Strict Two-Phase Locking vs. Two-Phase Locking

• A key distinction is made: while two-phase locking allows for potential dirty reads if locks are released prematurely, strict two-phase locking ensures that all locks are held until commit.

• This guarantees that problems such as dirty reads do not occur since locks are only released after successful commits.

Types of Locks in Protocols

• The session discusses various types of locks within locking protocols: simple lock, preemptive lock, and exclusive lock. Each serves different purposes in managing database transactions.

• Four main types of locking protocols are identified:

• Simple Lock

• Preemptive Lock

• Two-Phase Locking

• Strict Two-Phase Locking

Time Stamp Ordering Protocol

• Transitioning to time-stamping methods, it explains how each transaction receives a unique token or timestamp which determines its order in processing.

• Lower timestamps indicate older transactions; thus, they have priority over newer ones when processed by the system.

Transaction Management Based on Timestamps

• Timestamps serve as unique identifiers for transactions and help maintain their order based on arrival time. This method prevents long wait times for older transactions due to newer ones arriving continuously.

• The system clock or logical counting can determine timestamps ensuring efficient management of transaction priorities without excessive delays.

Handling Transaction Conflicts

• Older transactions receive preference over newer ones to ensure none remain pending for extended periods. This approach minimizes waiting times across all transactions involved.

• An example illustrates how conflicts arise when one transaction reads data while another modifies it simultaneously; this highlights the importance of proper timestamp management to avoid inconsistencies.

Conclusion on Timestamp Usage

• The discussion concludes with an emphasis on using timestamps effectively to manage transaction states and prevent issues like reading outdated data during concurrent operations.

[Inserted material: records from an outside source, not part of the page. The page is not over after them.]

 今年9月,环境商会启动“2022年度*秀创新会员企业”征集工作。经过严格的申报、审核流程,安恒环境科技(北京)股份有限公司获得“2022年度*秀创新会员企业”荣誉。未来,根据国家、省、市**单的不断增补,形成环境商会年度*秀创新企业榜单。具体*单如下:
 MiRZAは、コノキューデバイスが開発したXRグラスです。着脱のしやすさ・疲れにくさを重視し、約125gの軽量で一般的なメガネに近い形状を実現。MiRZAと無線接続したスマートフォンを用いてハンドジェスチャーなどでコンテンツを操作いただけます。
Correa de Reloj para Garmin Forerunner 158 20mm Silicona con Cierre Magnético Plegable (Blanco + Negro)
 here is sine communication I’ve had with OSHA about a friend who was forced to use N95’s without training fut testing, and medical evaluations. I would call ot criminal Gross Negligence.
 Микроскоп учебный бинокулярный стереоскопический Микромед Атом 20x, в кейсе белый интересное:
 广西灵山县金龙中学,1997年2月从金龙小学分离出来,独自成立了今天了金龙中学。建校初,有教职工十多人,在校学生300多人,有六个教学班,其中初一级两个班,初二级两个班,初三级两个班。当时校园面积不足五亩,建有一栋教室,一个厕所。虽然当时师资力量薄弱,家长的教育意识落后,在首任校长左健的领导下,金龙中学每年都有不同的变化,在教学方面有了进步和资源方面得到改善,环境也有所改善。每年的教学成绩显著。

Understanding Transaction Issues in Database Systems

Key Concepts of Read and Write Transactions

• The discussion begins with the introduction of a problem arising from an additional 500 units added during the first transaction, highlighting the importance of checking conditions when performing read transactions.

• It is explained that in terms of ranking, a write transaction must be greater than a read transaction for it to be accepted; otherwise, it will be rejected.

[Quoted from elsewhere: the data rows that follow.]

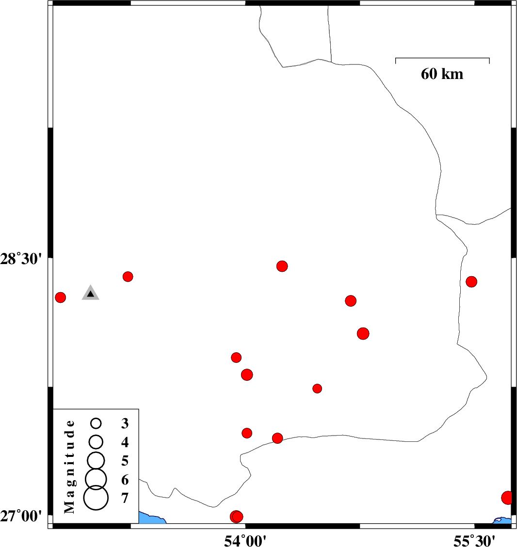 | 2010/08/04 | 07:45:07.9 | 12:15:07.9 | 27.48 | 54.01 | 14 | ML3 | Fars Province, 39 km South-West of Lar |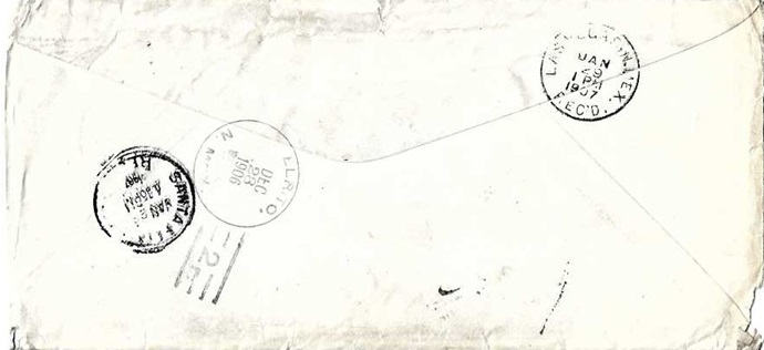 | Hand cancellation: "EAST LAS VEGAS, N.MEX. AUG 7 1906 ( 1 )". Has "RETURNED TO WRITER" pointing hand auxiliary marking. [TPC] |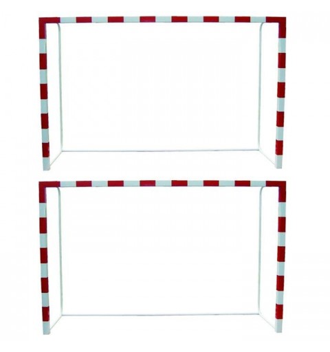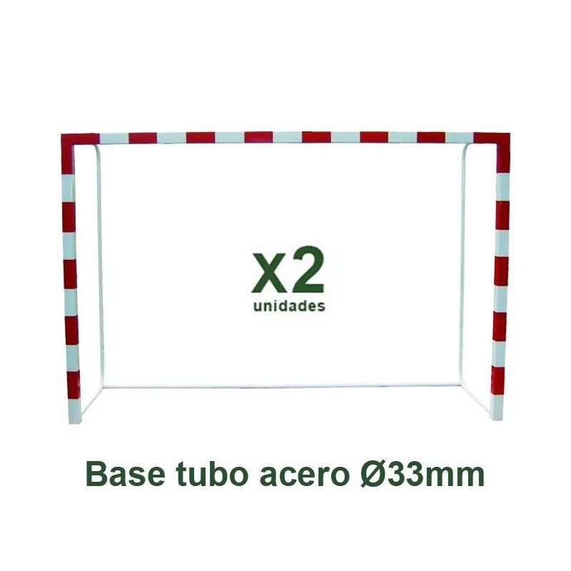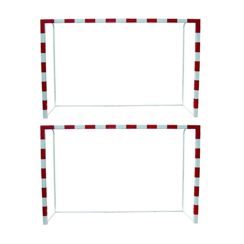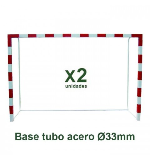 Juego de 2 porterías reglamentarias de fútbol sala / balonmano trasladables con marco de acero de 80 x 80 mm. y base de tubo redondo de 33 mm.

• A scenario is presented where if a read transaction completes before a write transaction, the system can accept this sequence without issues.

• Problems arise when a write transaction occurs after a read transaction but is smaller; such transactions should also be rejected to maintain consistency.

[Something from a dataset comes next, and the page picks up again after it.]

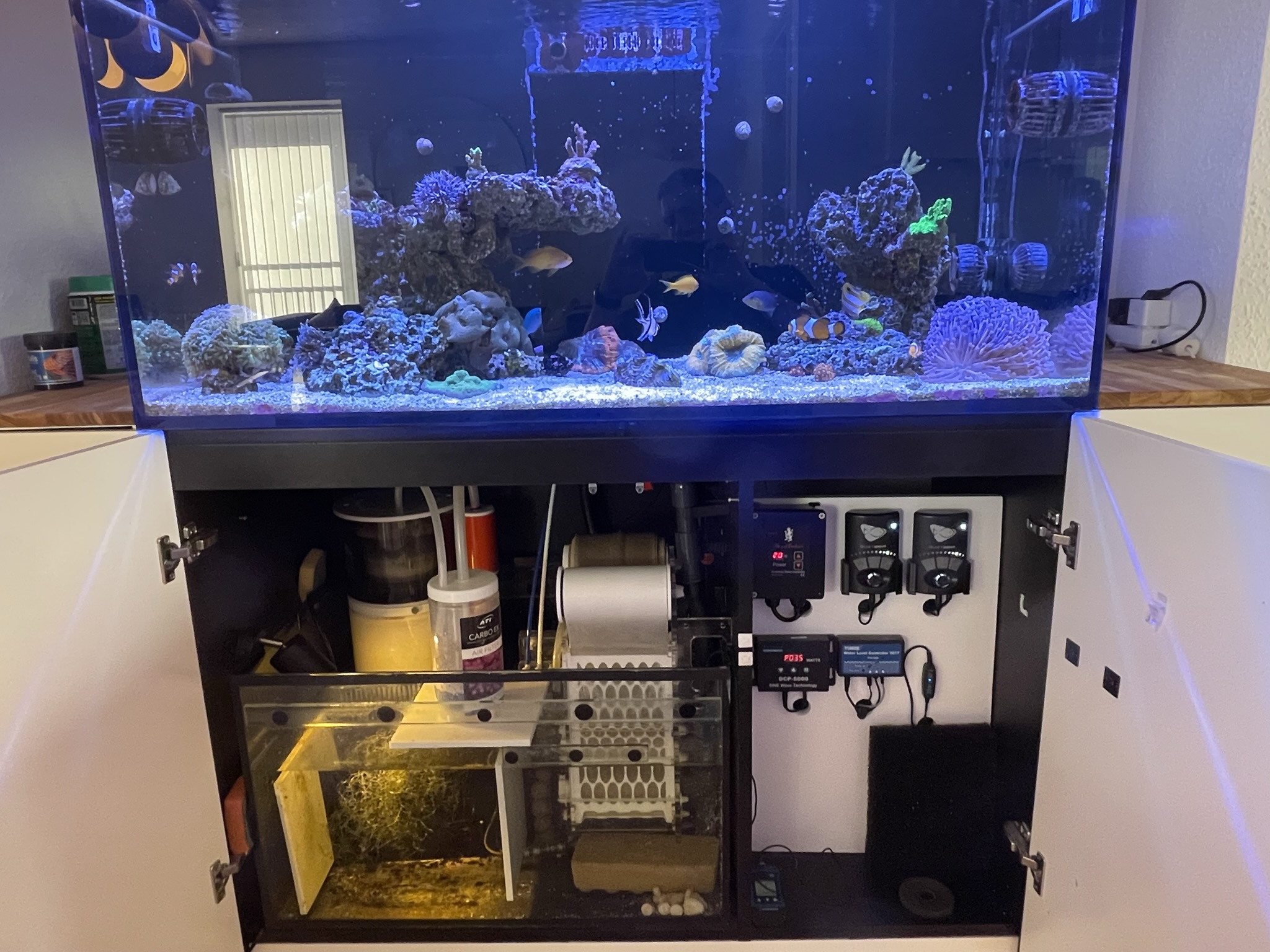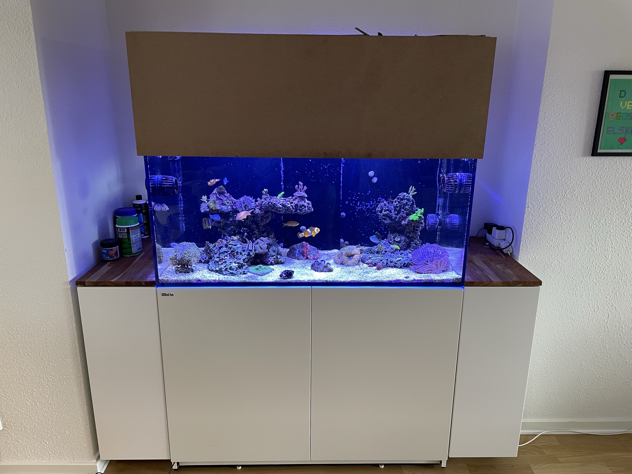 Red Sea Reefer 425XL. Tilstødende IKEA skabe også har jeg lige bygget mig en top som skal males i samme farve som akvariet, hvis

• The concept of overwriting is introduced, emphasizing that if two transactions clash (one being older), only the older one should proceed while rejecting any younger ones.

Timestamp-Based Protocols

• Timestamp-based protocols are discussed as they provide preference to older transactions over newer ones, ensuring that only valid sequences are executed.

• The validation-based protocol is introduced as another method for concurrency control alongside locking mechanisms and timestamping systems.

Validation Phase in Transactions

• The validation phase consists of three main steps: reading, validating, and writing. Each step ensures that transactions do not interfere with each other improperly.

• During the read phase, all data items are temporarily stored without updating the actual database until validation confirms their correctness against existing data.

• In the validation phase, checks are performed to ensure that no violations occur regarding serializability rules between transactions.

Finalizing Transactions

• If both previous phases validate correctly, results can be committed back to the database; otherwise, they will roll back to prevent inconsistencies.

• Each phase operates under different timestamps which help manage execution order and maintain consistency across multiple concurrent operations.

Types of Concurrency Control Protocols

• Three primary types of concurrency control protocols are identified: locking protocols (which prevent inconsistent data access), timestamp protocols (which prioritize older transactions), and validation-based protocols (which check validity before committing).